_Records for processing_.
+ + +

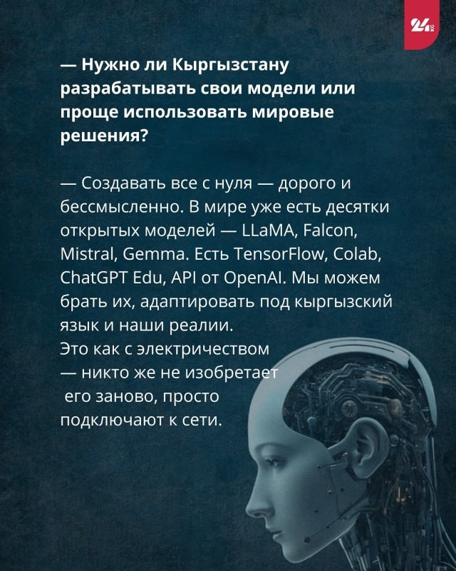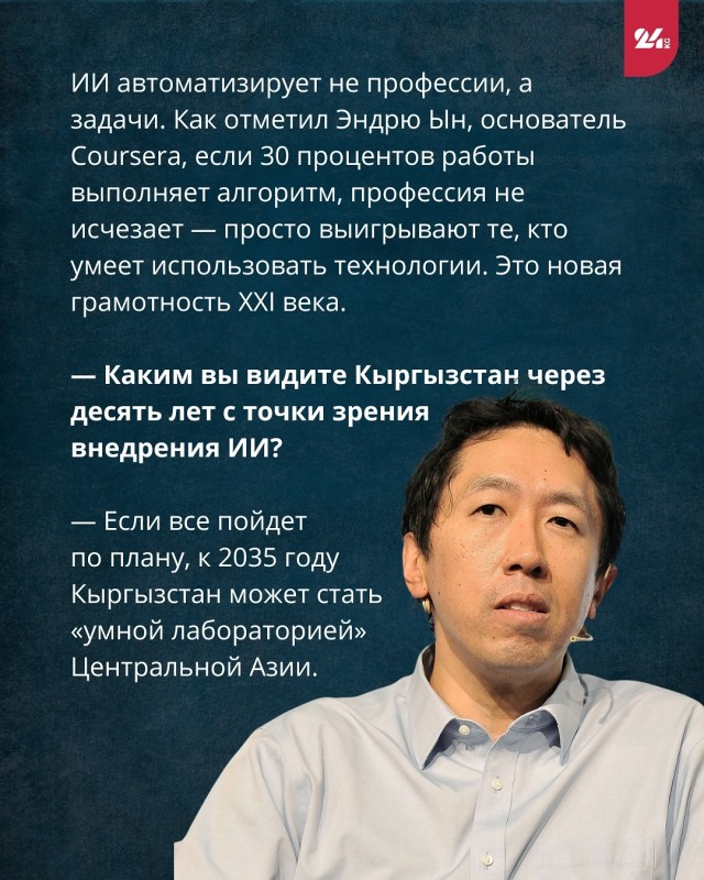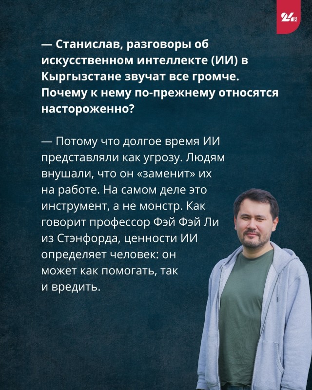 Искусственный интеллект уже перестал быть диковинкой — он меняет рынок труда, образование и государственные сервисы. Мир стремительно перестраивается под новые технологии, а Кыргызстан только подходит к этой точке. Как не отстать, превратить ИИ из угрозы в союзника и что нужно делать уже сегодня? Об этом — в интервью 24.kg со специалистом по ИИ и цифровым коммуникациям Станиславом Ли.
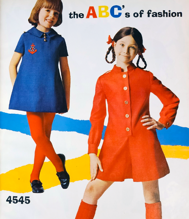 Vogue Patterns licensed 5 Yves Saint Laurent dresses from the “Mondrian et Poliakoff” Collection. The iconic shift dress was a massive trend for 60's inspired by the modern paintings of Mondrian.
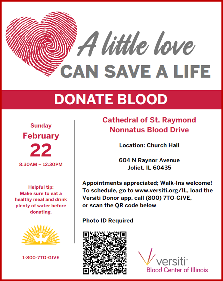 Versiti Blood Center of Illinois will be here on Sunday, February 22 from 8:30am - 12:30pm in the Parish Commons. Appointments appreciated; Walk-ins welcome! To schedule, go to www.versiti.org/Il, load the Versiti Donor app. call (800) 7TO0GIVE or use the link below. Photo ID Required
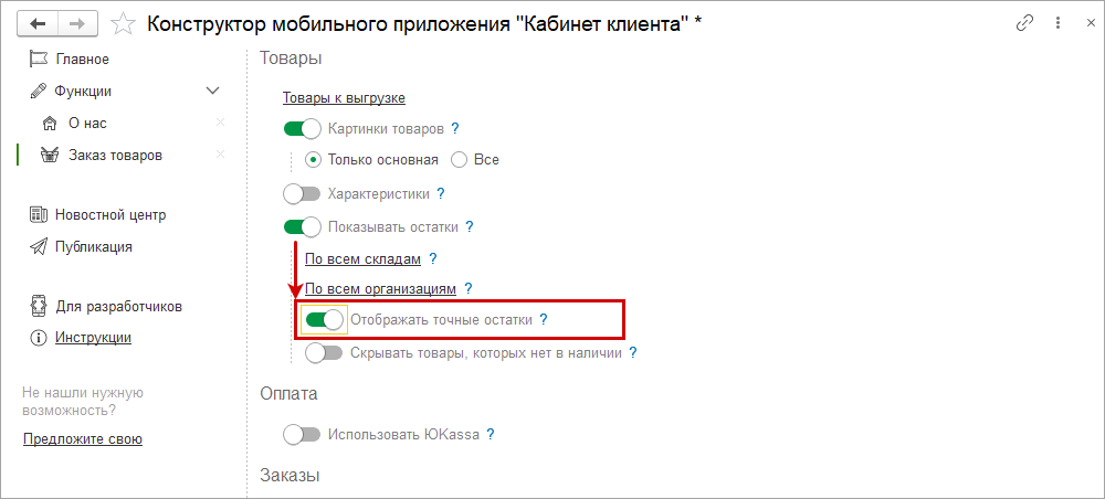 Для отображения у клиента количества товаров в наличии при конструировании приложения включаем настройку "Показывать остатки" и "Отображать точные остатки".
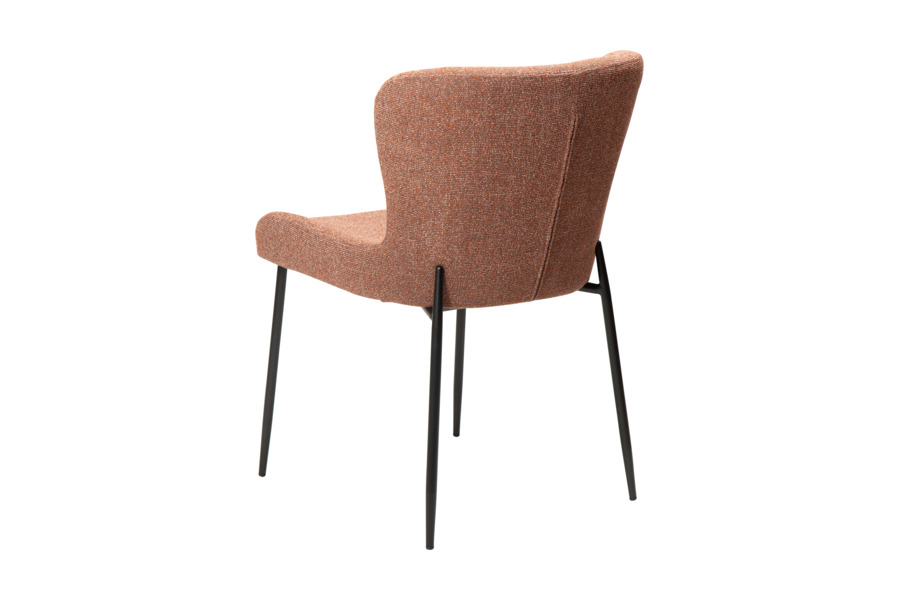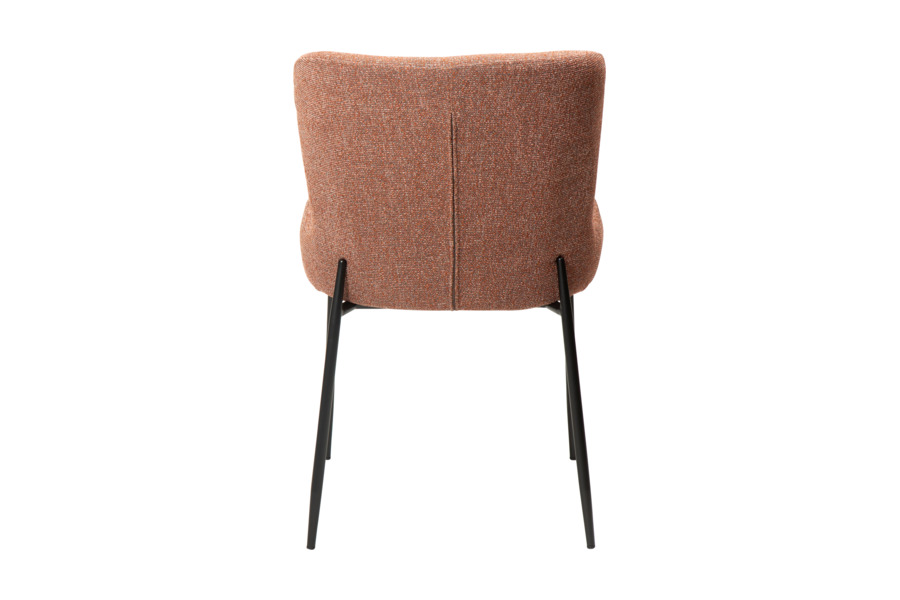 Τα λεπτά, ελαφρώς κωνικά μεταλλικά πόδια σε μαύρο χρώμα προσδίδουν σταθερότητα και κομψότητα, ενώ η χαρακτηριστική προέκτασή τους στην πλάτη ενισχύει τον σύγχρονο και premium σχεδιασμό.
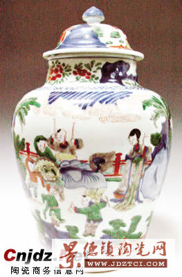 清康熙 五彩四妃十六子圖蓋罐
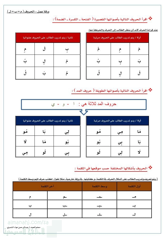 ورقة عمل مراجعة الأحرف م ب ل
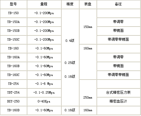 精密壓力表型號與規格
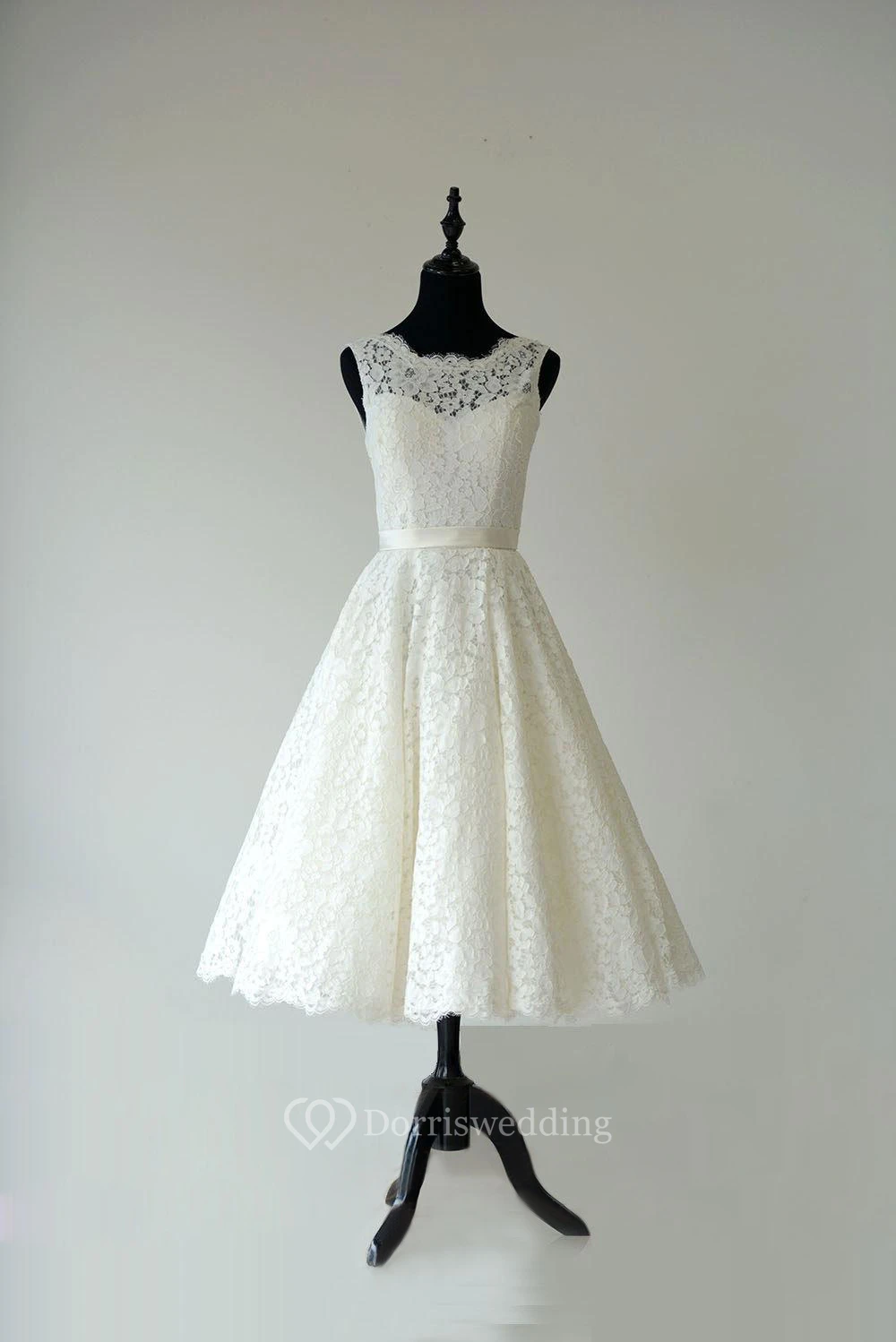 Sleeveless A-Line Tea Length Lace Dress With Low-V Back and Satin Sash

+ + +

_Work to complete_. Write out the data exactly, and exclude every picture it holds.

_Result of the exercise_.
 Искусственный интеллект уже перестал быть диковинкой — он меняет рынок труда, образование и государственные сервисы. Мир стремительно перестраивается под новые технологии, а Кыргызстан только подходит к этой точке. Как не отстать, превратить ИИ из угрозы в союзника и что нужно делать уже сегодня? Об этом — в интервью 24.kg со специалистом по ИИ и цифровым коммуникациям Станиславом Ли.
 Vogue Patterns licensed 5 Yves Saint Laurent dresses from the “Mondrian et Poliakoff” Collection. The iconic shift dress was a massive trend for 60's inspired by the modern paintings of Mondrian.
 Versiti Blood Center of Illinois will be here on Sunday, February 22 from 8:30am - 12:30pm in the Parish Commons. Appointments appreciated; Walk-ins welcome! To schedule, go to www.versiti.org/Il, load the Versiti Donor app. call (800) 7TO0GIVE or use the link below. Photo ID Required
 Для отображения у клиента количества товаров в наличии при конструировании приложения включаем настройку "Показывать остатки" и "Отображать точные остатки".
 Τα λεπτά, ελαφρώς κωνικά μεταλλικά πόδια σε μαύρο χρώμα προσδίδουν σταθερότητα και κομψότητα, ενώ η χαρακτηριστική προέκτασή τους στην πλάτη ενισχύει τον σύγχρονο και premium σχεδιασμό.
 清康熙 五彩四妃十六子圖蓋罐
 ورقة عمل مراجعة الأحرف م ب ل
 精密壓力表型號與規格
 Sleeveless A-Line Tea Length Lace Dress With Low-V Back and Satin Sash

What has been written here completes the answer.